The Pew Research Center in 2010 published results of a survey showing that 75 percent of teenagers own their own phones, and 87 percent of them use text messaging.
Half of texting teenagers send 50 or more texts a day, according to the survey. One third send 100 or more texts a day. The simple math tells us that’s 3,000 texts on an average month.
Can we harness that power for education?
Yes, but we have to be careful.
Communication is key, and it’s the first step. After weighing the possible consequences, be ready to have an honest conversation with administration. With the OK from leadership, parents need information on the situation and may need an alternative to educational texts if they’re uncomfortable. The ramifications of educational texting is a full topic of discussion for another day, but principals, students, parents and maybe even school boards need to be involved.

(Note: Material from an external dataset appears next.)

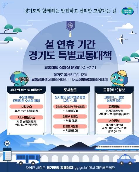 도는 먼저 시외버스의 경우 5개 권역에 44개 노선 88대를 증차하고 운행횟수를 138회 증회한다. 시내·마을버스는 필요시 시군 자체 실정에 맞춰 1시간 연장 운행 등 탄력적으로 운영한다. 도시철도는 하남선과 7호선(부천 구간), 별내선은 1월 29일부터 30일까지 2일간 익일 오전 2시까지, 의정부 경전철은 익일 오전 1시 45분까지, 김포도시철도는 익일 오전 3시까지 심야 연장 운행한다.
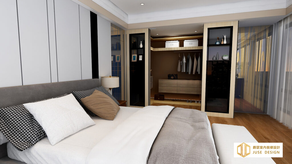 主臥中包括更衣室空間,以兩個空間以拉門區隔,開窗面以米灰色系窗簾、紗簾,牆面背板灰白色塗裝板以不同寬度拼貼,使背牆線條具變化性。

With that hurdle cleared, here are several ways Google Voice’s texting capabilities can help in the class:
1. Reminders: Remind students about assignments, projects, quizzes and tests. Parents may want to get these reminders, too.
2. Promos: Marketing professionals create hype for products by divulging details beforehand. Why not use that as a tool to get students interested and excited?
3. Review: Sending texts with questions or review information can give extra repetition with the material. In many cases, repetitions can equal increased achievement.
4. Primer: Get an in-class discussion started early. Give students a topic and something to think about before the arrive.
5. Extra learning opportunities: Offer the occasional extra credit question. Direct students to an interesting website relevant to class content. Some students won’t bite, but others are truly interested in going the extra mile.